UCT’s open access policy: a culmination and a beginning

Associate Professor Laura Czerniewicz describes and reflects how our hosting institution, the University of Cape Town, has developed and embedded an open access policy. In this blog post, originally published on Laura’s blog, Prof Czerniewicz outlines how policy and practice go hand in hand, and the experience of the University of Cape Town has been one where open practices and projects such as UCT’s Open Content – which is a home for UCT’s OER output –  has both influenced and been enabled by symbolic commitments from the university’s senior management.


Engagement with open education and open scholarship has been happening at UCT in an organic way for a long time, as staff and students have been making their scholarship and their teaching and learning resources available freely online for many years. This has happened across the disciplines, with many individuals springing to mind: in Health Sciences – Juan Klopper, in Science – Ed Rybicki, in Humanities – Francis Nyamnjoh…. the examples are too many to mention. In addition whole groups, such as the physics lecturers, the gender studies unit or the computer sciences department have shared course material and research output in concerted efforts. In addition, over the last seven years there have been several projects supporting the open agenda, starting with Opening Scholarship (with its broad view of scholars at the centre of a network with others scholars, students and the community), then OERUCT and OpenUCT and the most recent addition – the ambitious OER research project ROER4D. The university’s open content directory has provided a home for open education resources since 2010.

During this time, the university’s senior echelons have made important symbolic commitments to the open agenda. In 2008 a Deputy Vice Chancellor signed the Cape Town Open Education Declaration which is built on “the belief that everyone should have the freedom to use, customize, improve and redistribute educational resources without constraint” and in 2011 the Vice Chancellor signed the Berlin Declaration which seeks to “to realize the vision of a global and accessible representation of knowledge [where] the future Web has to be sustainable, interactive, and transparent.”

UCT Vice Chancellor signs Berlin DeclarationImage: UCT’s Vice Chancellor, Dr Max Price, signs the Berlin Declaration.

In 2014 two events mark the culmination of this organic era of change and growth: the approval by UCT Council of an open access policy and the commitment of UCT Libraries to being the home for open online content going forward. Many project activities are becoming mainstreamed into existing and new positions in the Library which has made explicit its support for both research and teaching resources. The UCT Library is the formal owner of the open access policy, working closely with UCT’s Research Office and the Centre for Innovation in Teaching and Learning.

The policy foundation for an ongoing emphasis on open education resources is evident in the new open access policy which notes

“The widespread availability of open education resources, open content, open courses etc. from the global north is both an opportunity and a concern as there is an equally urgent need for local teaching and learning resources to be made freely available online.”

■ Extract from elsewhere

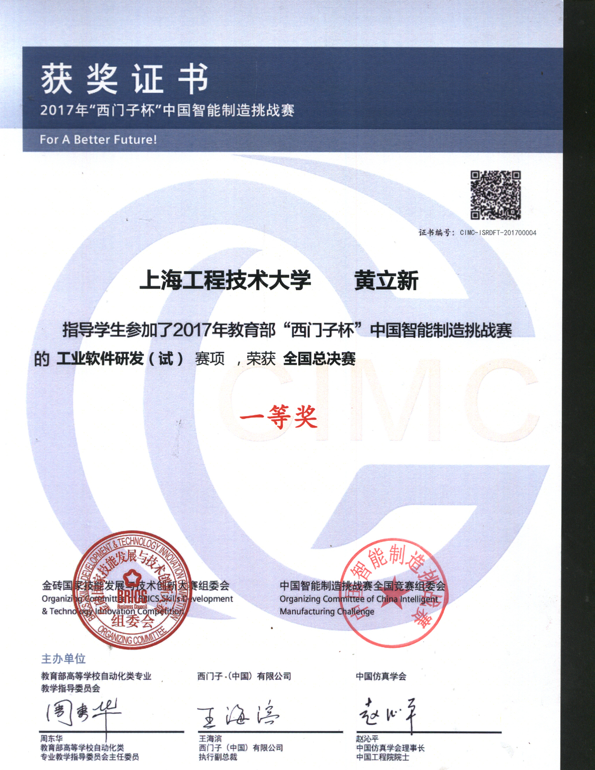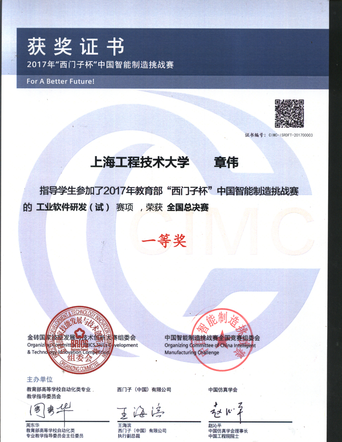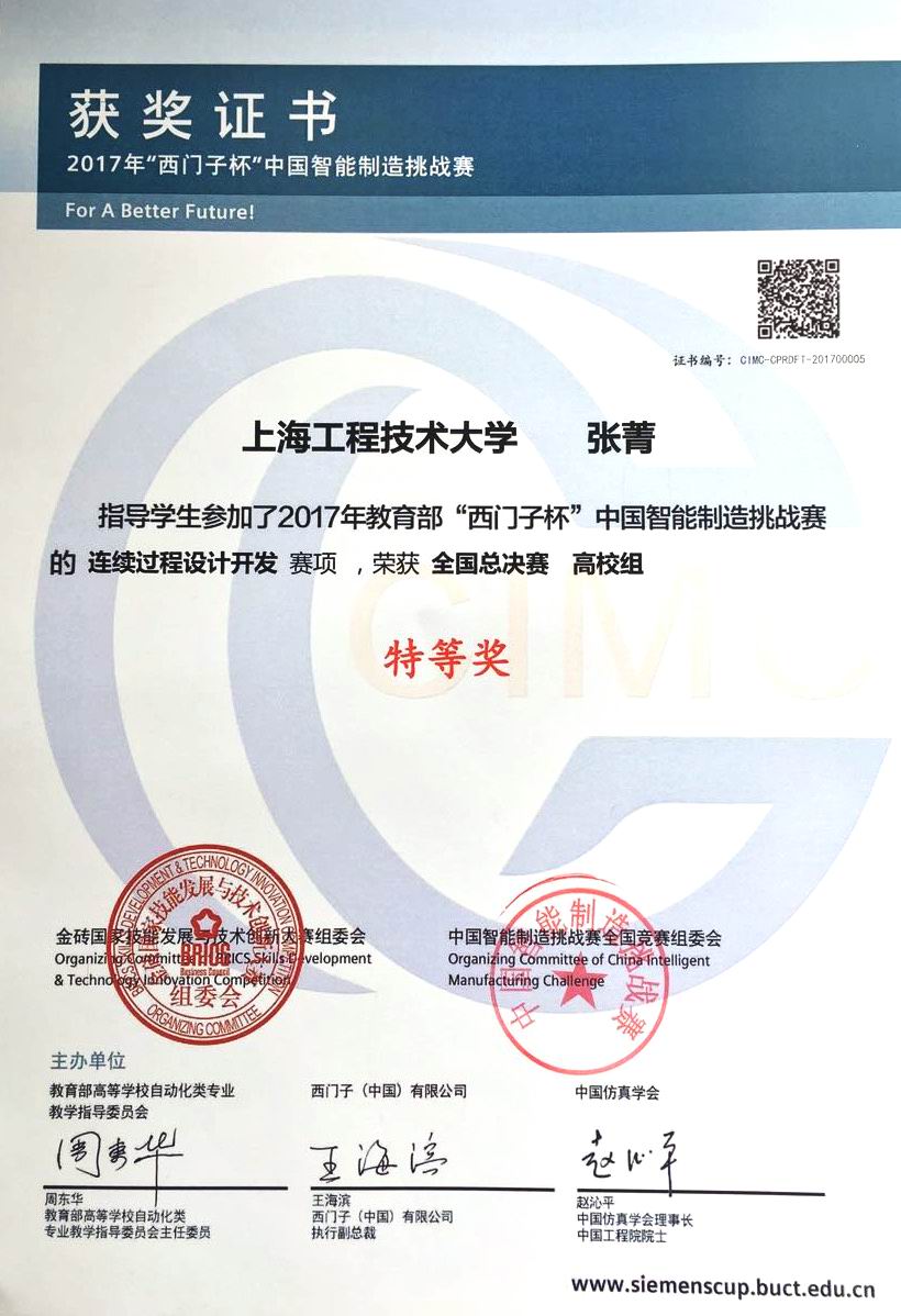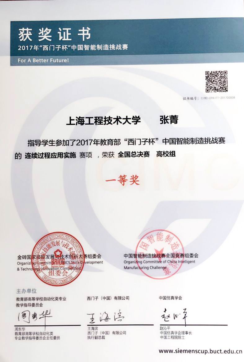 “西门子杯”中国智能制造挑战赛原为全国大学生“西门子杯”工业自动化挑战赛,是在教育部与西门子(中国)有限公司签订的战略合作框架下的一项国家级赛事,由教育部高等学校自动化类专业教学指导委员会、西门子(中国)有限公司和中国仿真学会联合主办。中国智能制造挑战赛自2006年创办,是国内历史较久、规模最大和影响力最广的自动化、智能领域工程竞赛。2017年竞赛共设九大赛项。

Scholarship is understood to take multiple forms which cross research, teaching and learning. UCT encourages that all of these be made available, and will provide enabling conditions for the stewardship, preservation and discoverability of this content.

“The University encourages Employees and Students to make all forms of works of scholarship available … This includes (but is not limited to) essays, books, conference papers, reports (where permitted by a funder of the research leading to the report), educational resources, presentations, scholarly multi-media material, audio-visual works and digital representations of pictorial and graphical materials.”

In addition, the policy requires UCT authors to deposit journal articles (or formally explain why they can not do so) and students will have had to deposit the final versions of their theses and dissertations in order to graduate.

Policies are only as good as their implementation in practice (and too often they are meaningless or suffer empty compliance). With years of project-based activities, research-informed practice and individuals quietly doing good work as a basis for the future, UCT is an ideal position to meaningfully implement the excellent intentions and activities of its new open access policy. Good luck to us all!

Originally posted by Laura Czerniewicz on her blog on 18 June 2014.